在这个例子中使用隐式解包的可选项有什么意义？

Question

This is from the docs, section Failable Initializers for Classes :

class Product {

     let name: String!
     init?(name: String) {
           self.name = name
           if name.isEmpty { return nil }
     }
}


if let bowTie = Product(name: "") {
   // no need to check if bowTie.name == nil
   print("The product's name is \(bowTie.name)")
}

This is described like:

In the example above, the name property of the Product class is defined as having an implicitly unwrapped optional string type (String!). Because it is of an optional type, this means that the name property has a default value of nil before it is assigned a specific value during initialization. This default value of nil in turn means that all of the properties introduced by the Product class have a valid initial value. As a result, the failable initializer for Product can trigger an initialization failure at the start of the initializer if it is passed an empty string, before assigning a specific value to the name property within the initializer.

Take a look at the last sentence:

As a result, the failable initializer for Product can trigger an initialization failure at the start of the initializer if it is passed an empty string, before assigning a specific value to the name property within the initializer.

This can't be seen from the provided code . In the provided code, it can be seen that assignment has occurred before return nil part, and either String (non-optional) or String? (optional) would work.

Another thing is that in provided example, it make no sense to use an implicitly unwrapped optional if it is defined as constant. Constants have to be initialized to default values right before the init is finished.

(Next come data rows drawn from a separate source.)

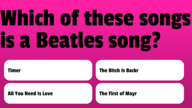 In this fun trivia quiz we're going to ask questions like "Which of these songs is a Beatles song?" and "Which of these songs is a Beatles song?".
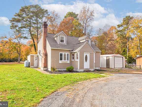 Charming Cape Cod home on a level 3/4 acre lot! Cozy spaces are plentiful in this home with a small dining room, and a small breakfast nook off the kitchen. There are two separate entryways, each with a small mudroom foyer and convenient shelving. There is a bedroom on the main level and a separate full bathroom directly adjacent to the bedroom. There are two additional bedrooms and a full bathroom upstairs. The spacious back yard provides great opportunities for gardening and outdoor recreation. Previous residents have enjoyed raising fruits and vegetables and camping out in the back yard, surrounded by tall, mature trees. The circular driveway makes convenient parking for several vehicles, and the rear yard is easily accessed from the road. There is adequate space for recreational vehicles, a shed, or whatever other accessory features you can imagine. The 14'x31' detached garage features lots of additional space for a workshop or storage. This structure was installed on a sturdy 6" concrete slab, providing a base sturdy enough for vehicle storage or workshop space for heavy-duty home projects. While the home was built in 1951, the owner has made major structural and mechanical updates to protect and preserve the property. Vinyl siding was installed by the owner, and has been well-maintained. A new well was drilled in 2010, a new 200 amp electrical panel was installed in 2010, and central A/C was installed as well. The roof was replaced in 2021. The home sits on a quiet street with minimal through traffic, and it is situated outside of the major commercial hubs of the county, but near enough to conveniently enjoy great features of the community. The property is less than 5 minutes from the entrance to Gate 3 of PAX Naval base, and less than 10 minutes from the entrance to Gate 2. The property is also less than 10 minutes from St. Mary's College of Maryland, and just under 20 minutes from Point Lookout State Park.
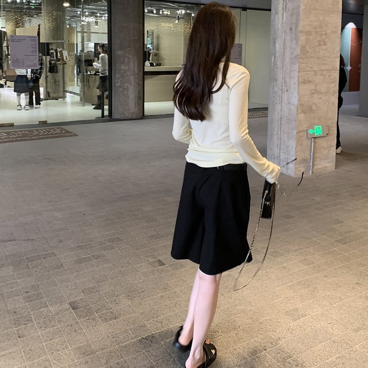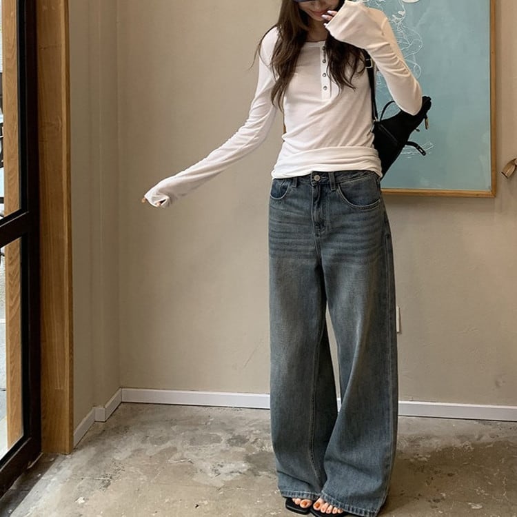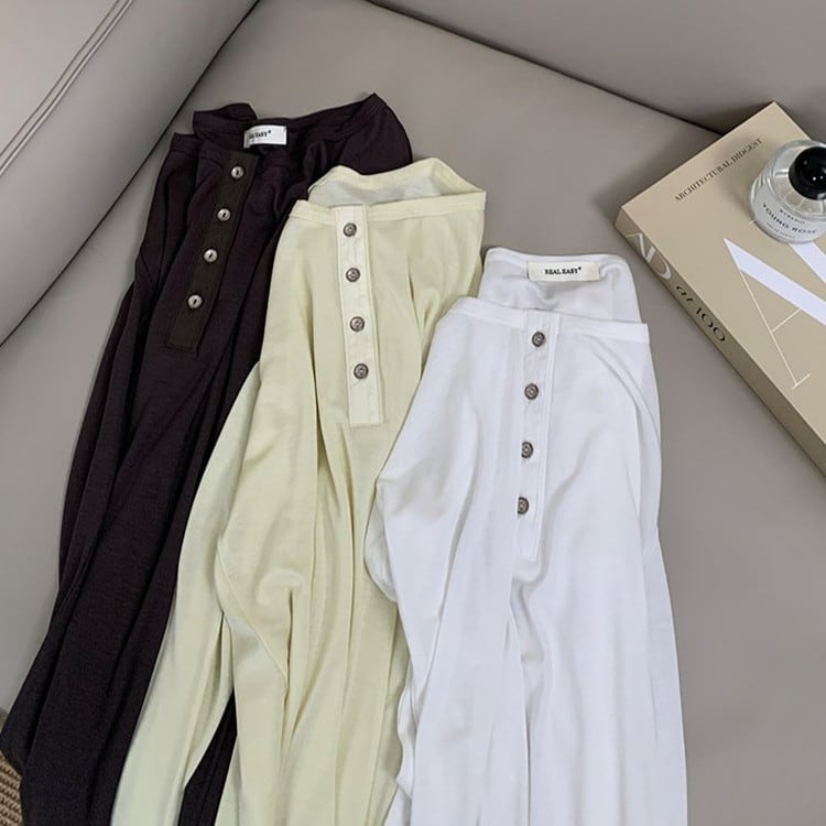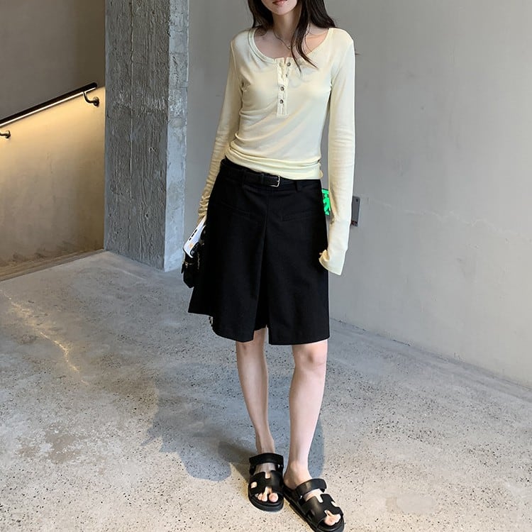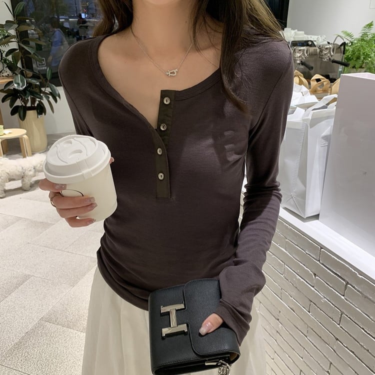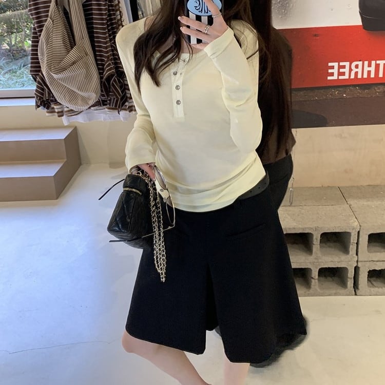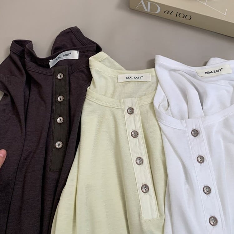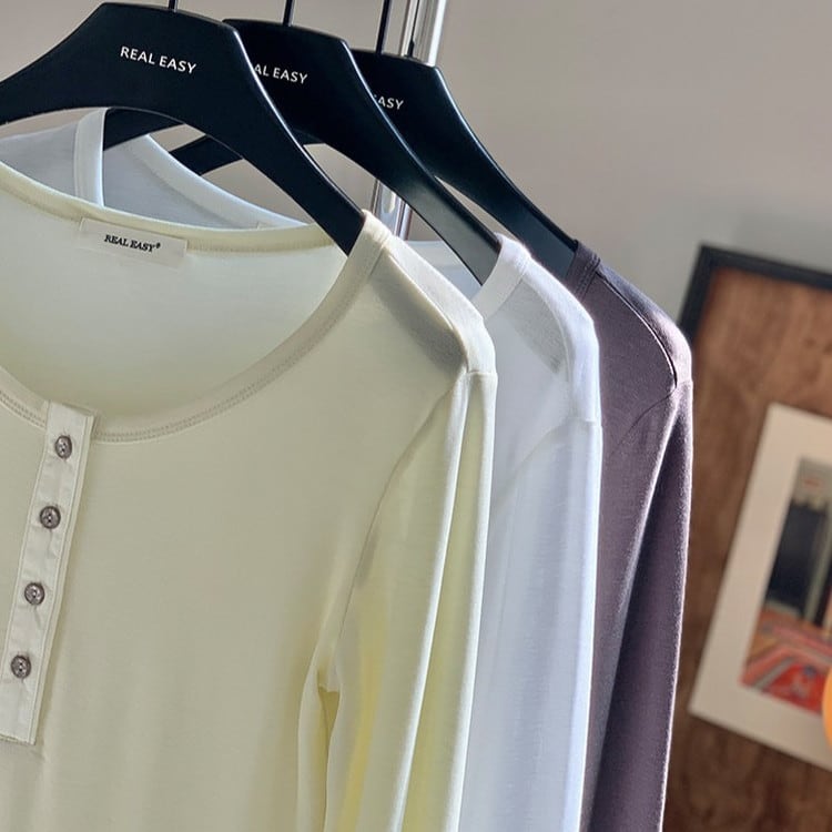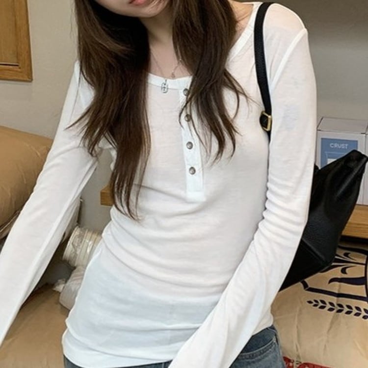 女性らしい印象のヘンリーネックシアーロングTシャツです。
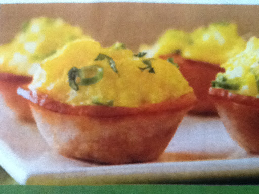 Preheat oven to 3375 F. Very lightly grease a 12-cup mini-muffin pan. Line each cup with a slice of Canadian bacon. On the stovetop, steam cauliflower until very soft. Transfer cauliflower to a bowl and mash it. Add sour cream, parsley, green onion, and salt and pepper to taste, and mix well.

Any thoughts on this, or does anybody see the reason not to file a radar about this? Maybe I am missing something ? I have an idea actually why is implicitly unwrapped optional used in here, but it is a bad example. For me, this would make more sense:

class Product {

    var name: String! //let is changed to var

    init?(name: String) {

       if name.isEmpty { return nil } //Check here if passed value is non-empty
       self.name = name
    }
}

This way, a initialization failure can be triggered before the any assignment to the name property.

Answer 1

All your concerns about misleading documentation are right.

Also, please note that in Swift 2.2 returning early from a failable initializer does work , even before all properties are initialized:

class Product {
    let name: String
    init?(name: String) {
        if name.isEmpty { return nil }
        self.name = name
    }
}

Another change is that deinit is not called any more when returning nil from the failable initializer.

From Xcode 7.3 beta 2 Release Notes :

Inside a class, a designated initializer that is either failable ( init?() ) or throwing ( init() throws ) is allowed to exit before initializing all stored properties and calling super.init() . This behavior is supported, making designated initializers more consistent with convenience initializers. Convenience initializers can also fail before performing a self.init() delegation.